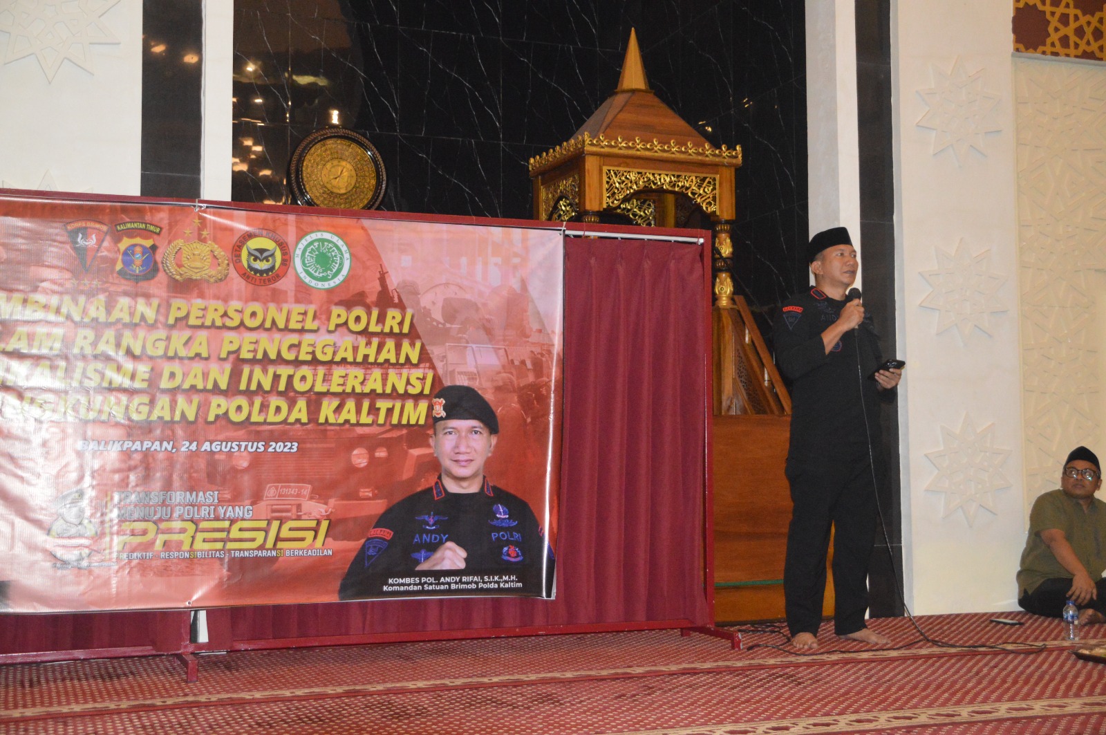 Insightkaltim.com, Balikpapan, Polda Kaltim menggelar acara pembinaan personel polri dalam rangka pencegahan radikalisme dan intoleransi di lingkungan Polda Kaltim yang dibuka langsung oleh Dansat Brimob Polda Kaltim Kombes Pol. Andy Rifai, S.I.K.,M.H. , Kamis (24/08/2023).
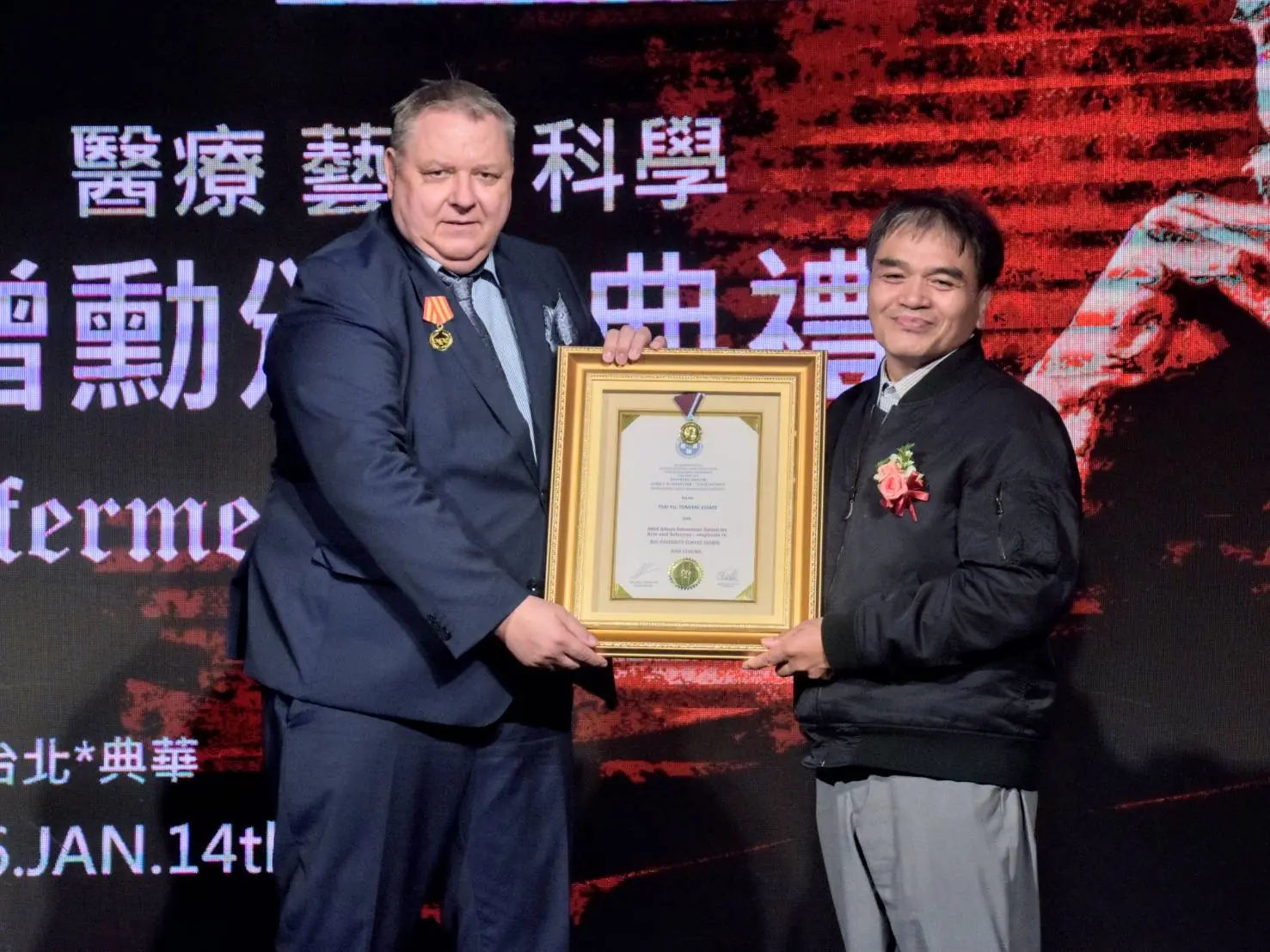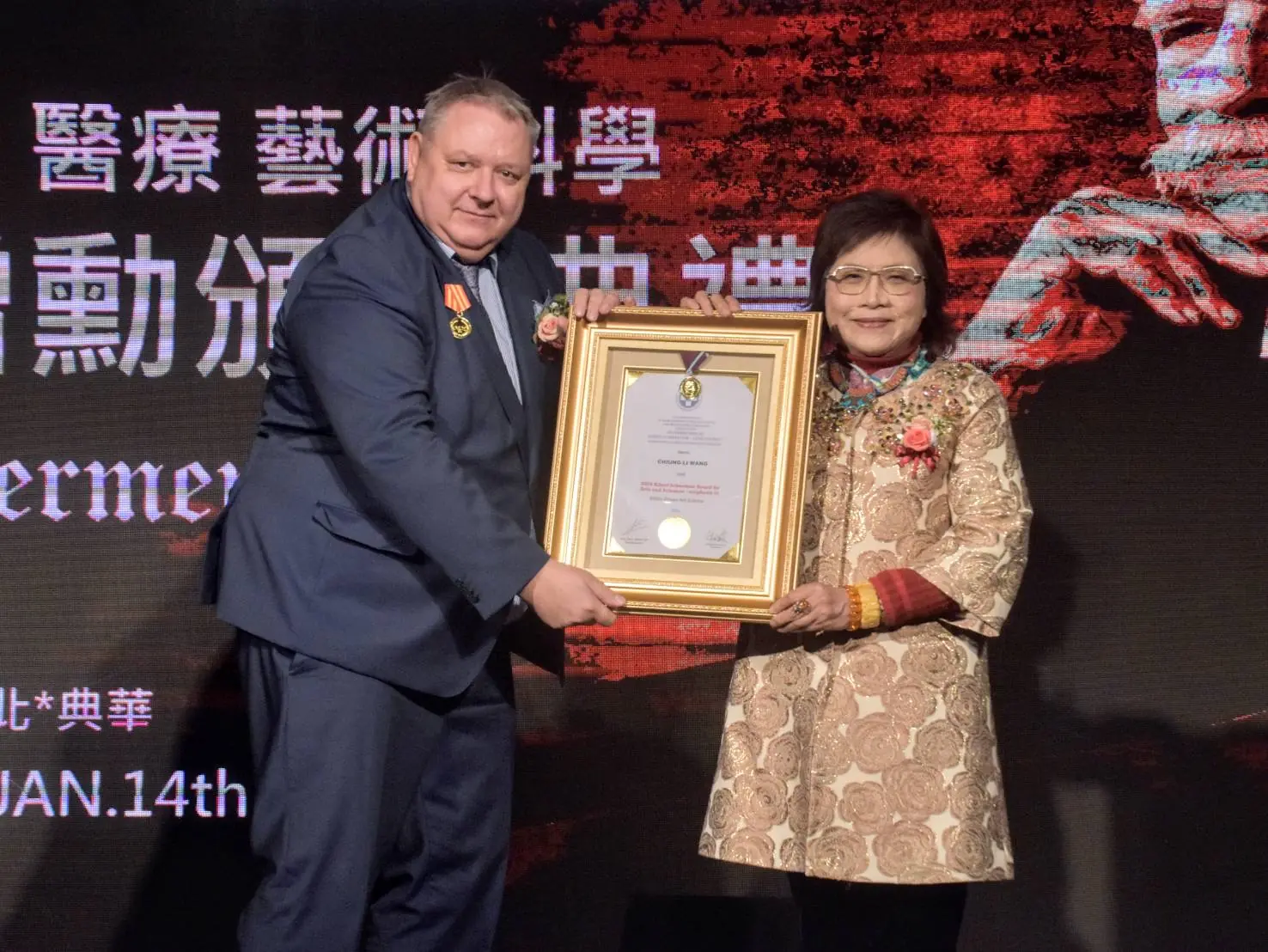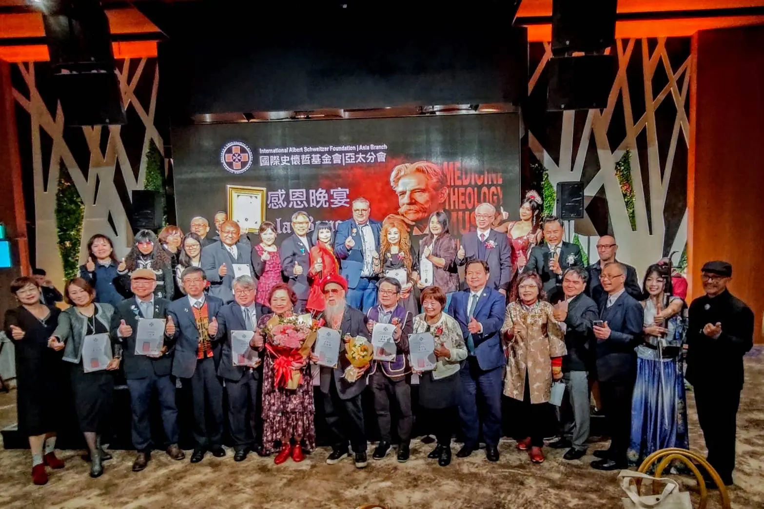 活動現場,頒發傑出得獎者蔡彧博士,展現台灣人道、藝術與永續實力。(圖/國際史懷哲基金會.亞洲分會提供)
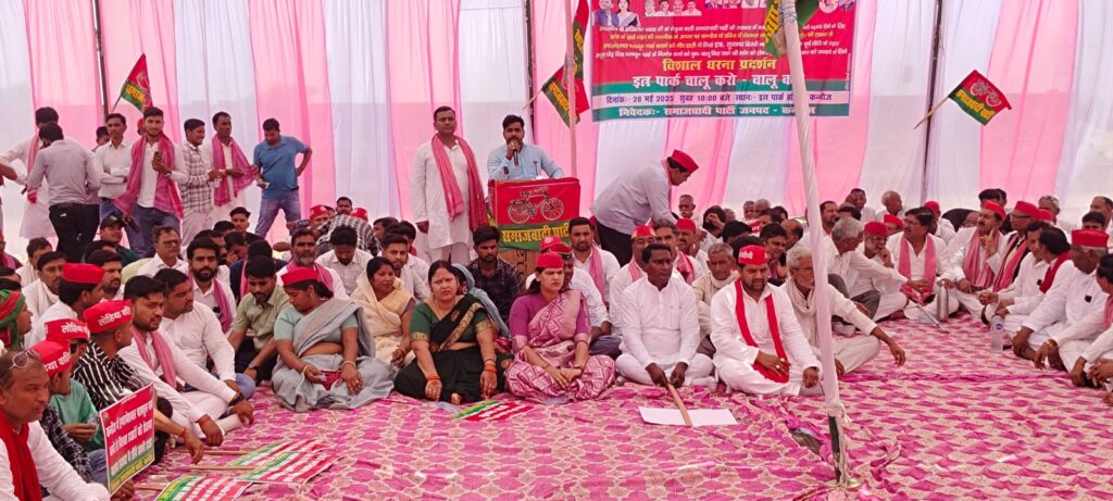 उत्तर प्रदेश कन्नौज , समाजवादी कार्यकर्ताओं ने पूर्व मुख्यमंत्री अखिलेश द्वारा बनाई गई इत्र पार्क को चालू करने के लिए किया धरना प्रदर्शन।
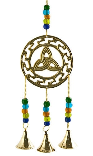 This small but elegant Brass sun catcher – inspired Celtic wind chime is perfect for hanging by windows, doorways, and sacred spaces. Features a central Celtic Triquetra Trinity Knot accented by beads and bells hanging below.
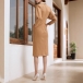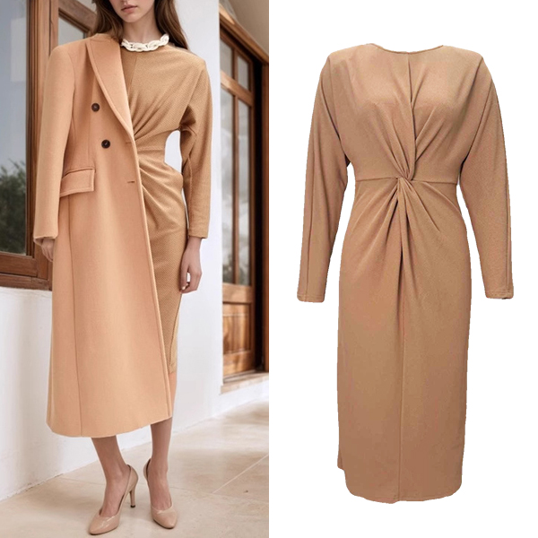 What sets this dress apart is the artful combination of knotted and ruched detailing that transforms the simple silhouette into a figure-flattering masterpiece. Style it with pointed-toe pumps and minimal jewelry for a sleek office look, or add statement accessories and heels for evening sophistication.
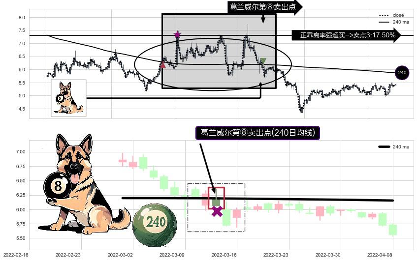 ⚀ 2022-03-14-日显现 葛兰威尔均线 240日均线 第⑧卖出点 下降趋势的中继信号,后市看跌,卖出信号
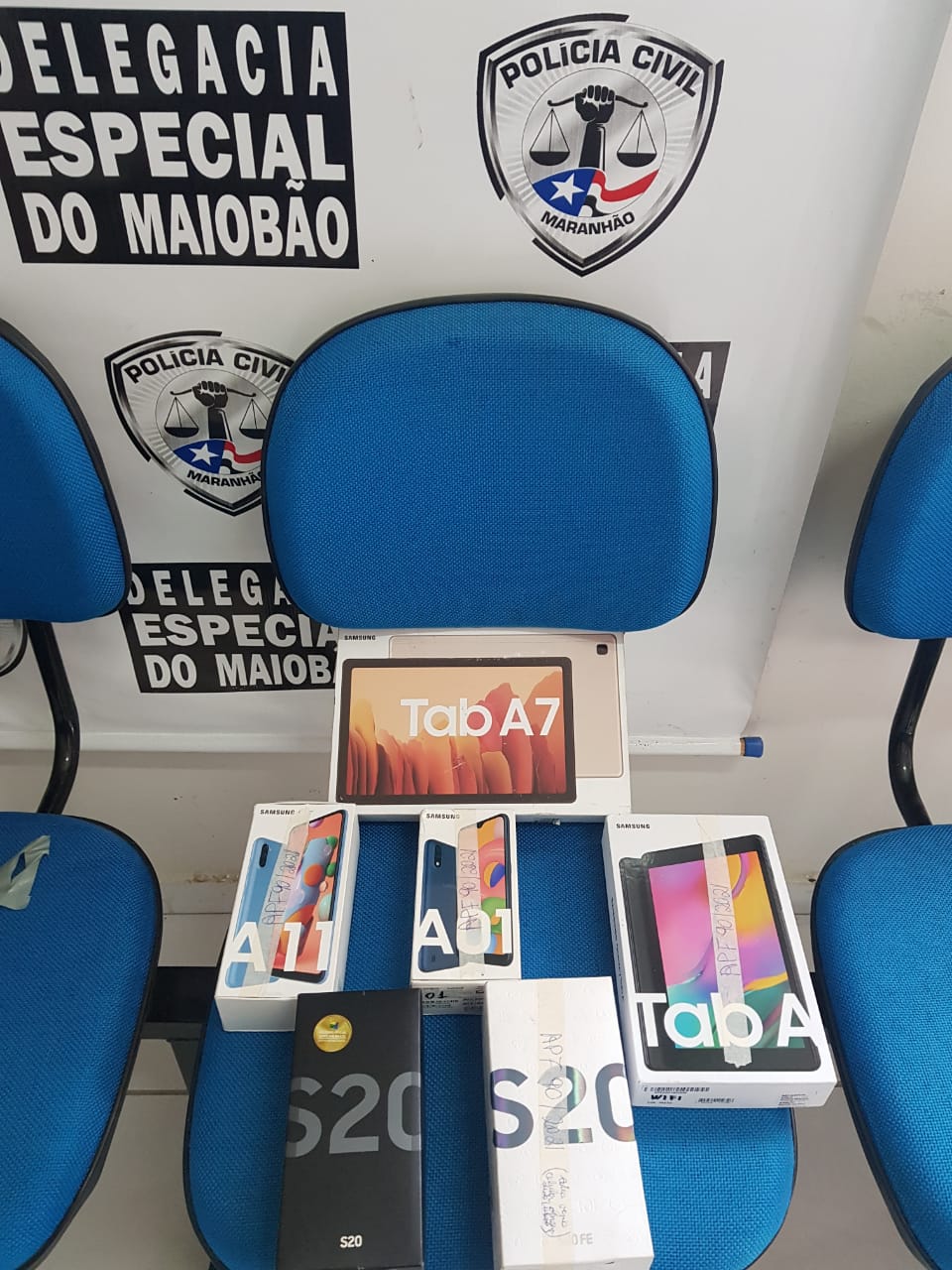 Com os acusados a polícia apreendeu os tabletes e os aparelhos de telefone celular roubados em São Luís-MA.
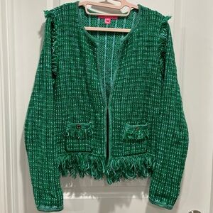 Lilly Pulitzer Simora Blazer Cardigan Green Tweed Jacket Size Large
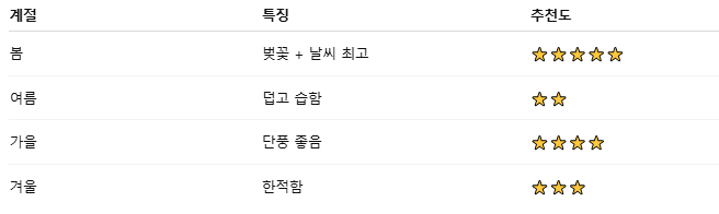✅ 벚꽃 시즌: 3월 말 ~ 4월 초
————
◆ **Required work**
Please write out, word for word, only the lines from the one holding "What sets this" through the end of the records above, with both end lines included and the pictures dropped.

◆ **Written response**
 What sets this dress apart is the artful combination of knotted and ruched detailing that transforms the simple silhouette into a figure-flattering masterpiece. Style it with pointed-toe pumps and minimal jewelry for a sleek office look, or add statement accessories and heels for evening sophistication.
 ⚀ 2022-03-14-日显现 葛兰威尔均线 240日均线 第⑧卖出点 下降趋势的中继信号,后市看跌,卖出信号
 Com os acusados a polícia apreendeu os tabletes e os aparelhos de telefone celular roubados em São Luís-MA.
 Lilly Pulitzer Simora Blazer Cardigan Green Tweed Jacket Size Large
✅ 벚꽃 시즌: 3월 말 ~ 4월 초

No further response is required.